**ABOUT THIS EXERCISE**
The data below should be restated word for word, with every picture omitted.

---------- RECORDS FOR THIS TASK ----------

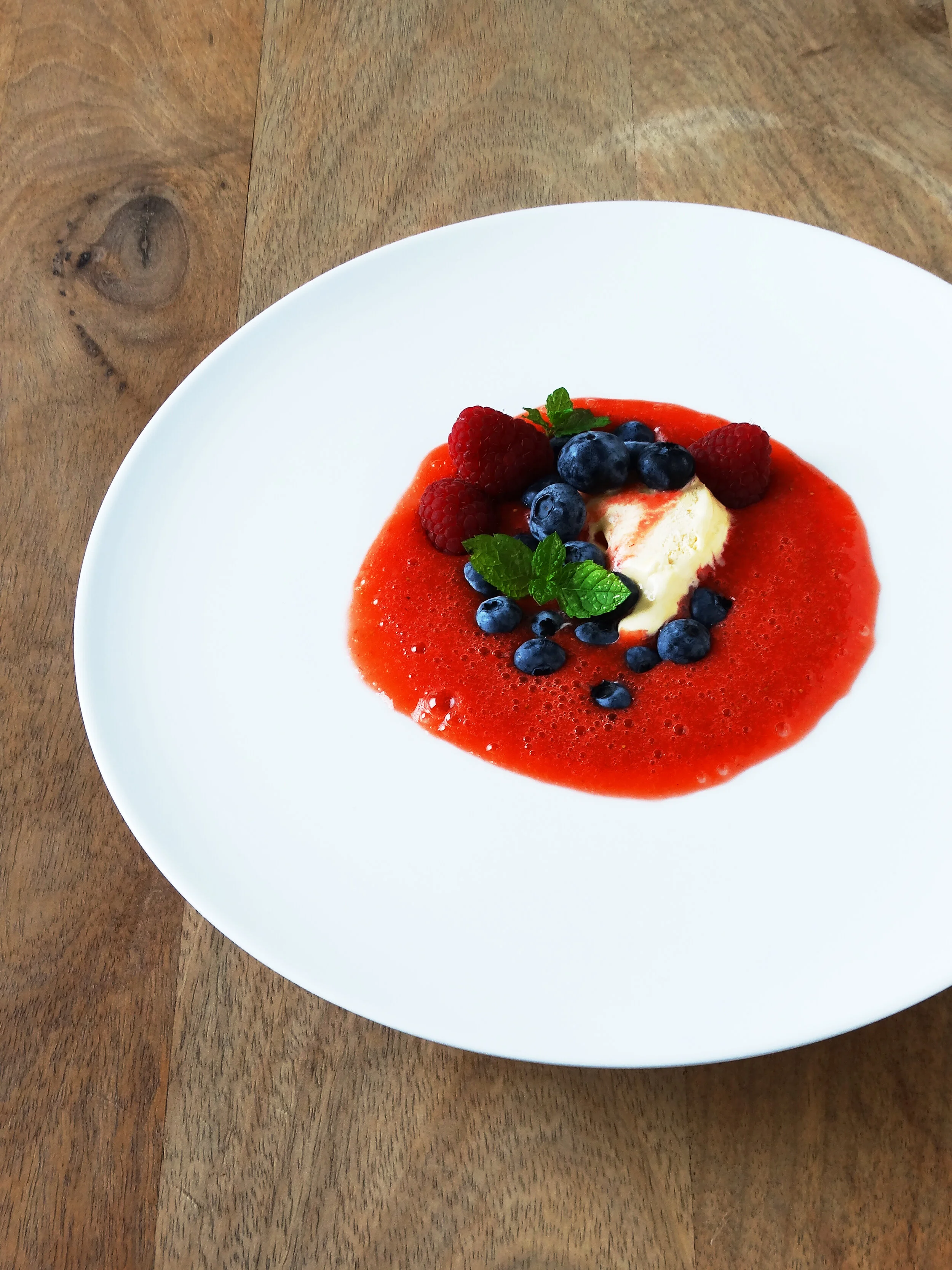 Mix een bakje rijpe aardbeien met de andere helft van de siroop en wat limoensap tot een soepje. Proef of het zoet genoeg is. Verdeel over vier diepe borden, en lepel in het midden wat van de kersengranité. Versier de rest van het bord met bessen, frambozen en verse munt.
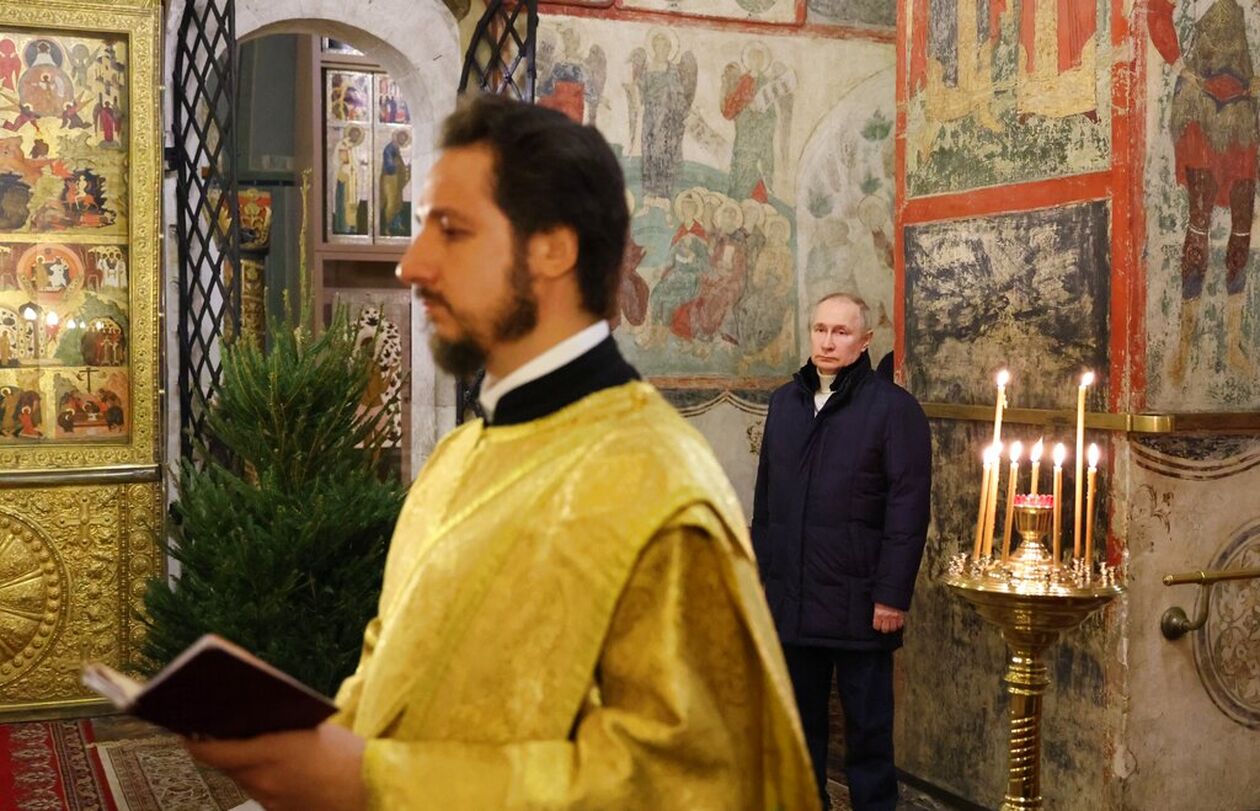 Η ρωσική τηλεόραση έδειξε για λίγο τον Βλαντίμιρ Πούτιν να παρακολουθεί μόνος τη χριστουγεννιάτικη λειτουργία στο Κρεμλίνο, φορώντας ένα λευκό πουλόβερ και μπλε μπουφάν, προτού συνδεθεί με τον καθεδρικό ναό του Σωτήρος Χριστού στη Μόσχα.
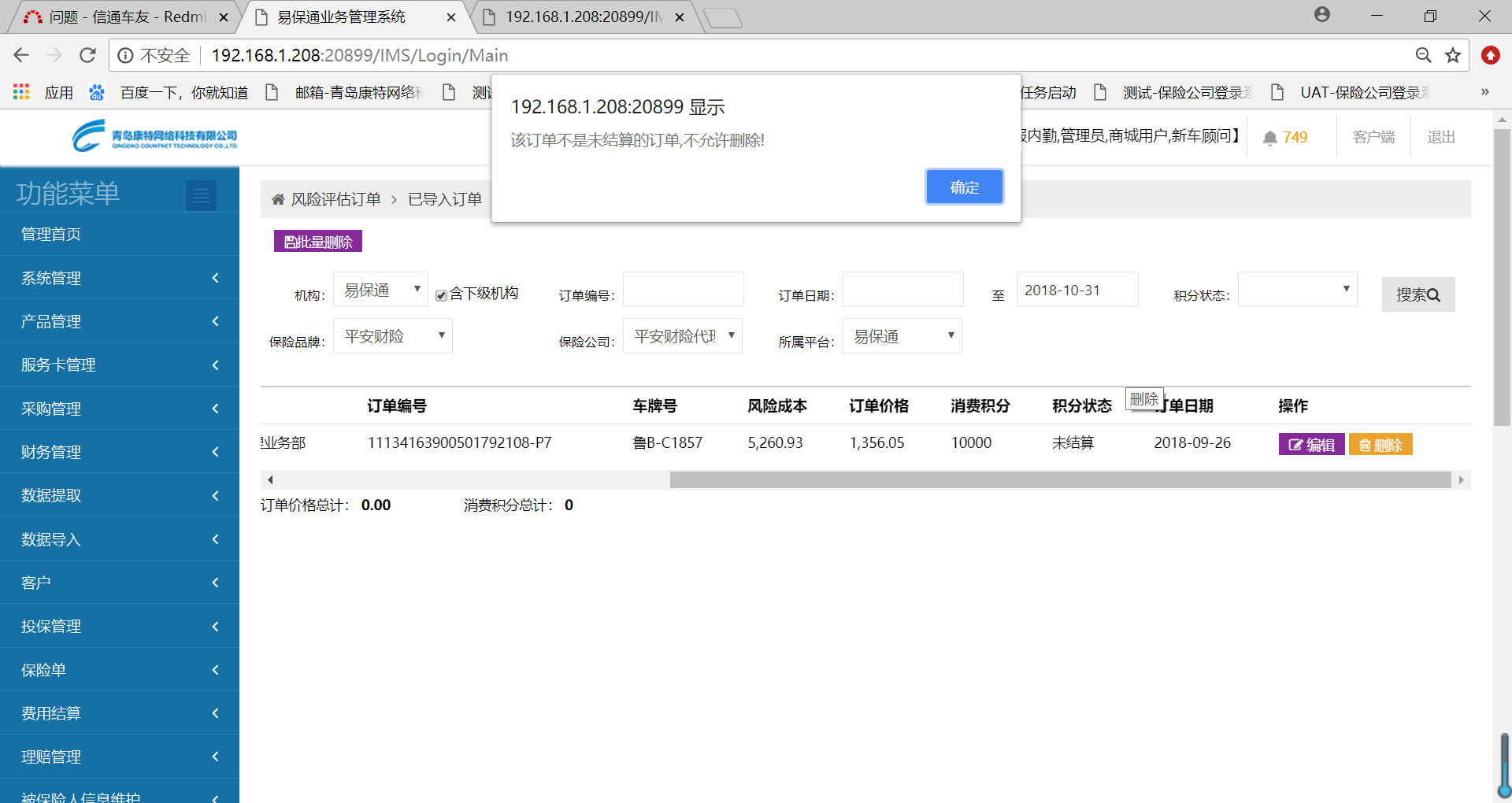 问题原因:设计BUG 解决方案:修改优化对未删除订单状态的判断
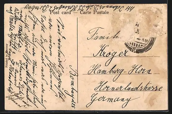 alte Ansichtskarte, gelaufen, Briefmarke entfernt, rückseitig Oberflächenschaden, guter Zustand
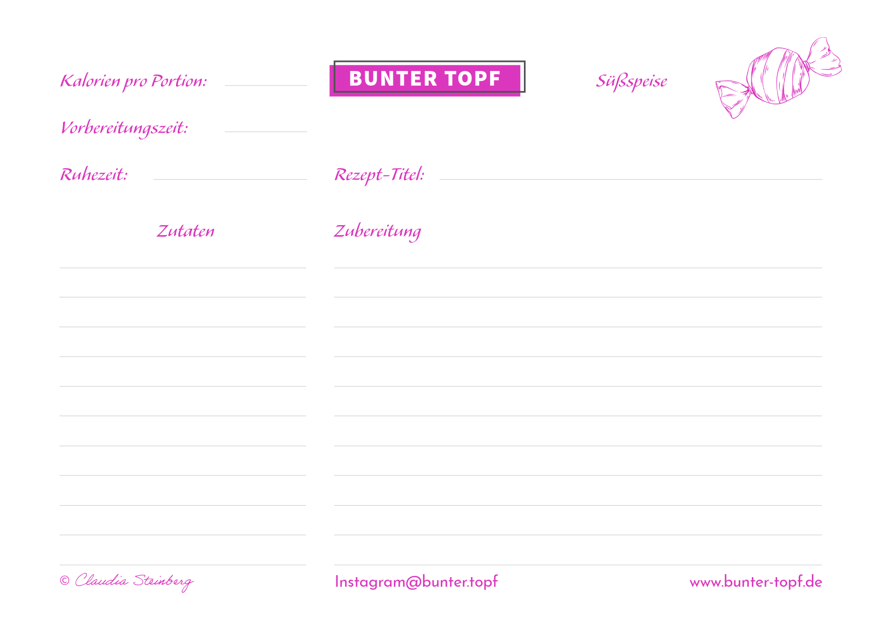 Rezeptkarte pink blanko Dessert

----------

**ANSWER BELOW**
 Mix een bakje rijpe aardbeien met de andere helft van de siroop en wat limoensap tot een soepje. Proef of het zoet genoeg is. Verdeel over vier diepe borden, en lepel in het midden wat van de kersengranité. Versier de rest van het bord met bessen, frambozen en verse munt.
 Η ρωσική τηλεόραση έδειξε για λίγο τον Βλαντίμιρ Πούτιν να παρακολουθεί μόνος τη χριστουγεννιάτικη λειτουργία στο Κρεμλίνο, φορώντας ένα λευκό πουλόβερ και μπλε μπουφάν, προτού συνδεθεί με τον καθεδρικό ναό του Σωτήρος Χριστού στη Μόσχα.
 问题原因:设计BUG 解决方案:修改优化对未删除订单状态的判断
 alte Ansichtskarte, gelaufen, Briefmarke entfernt, rückseitig Oberflächenschaden, guter Zustand
 Rezeptkarte pink blanko Dessert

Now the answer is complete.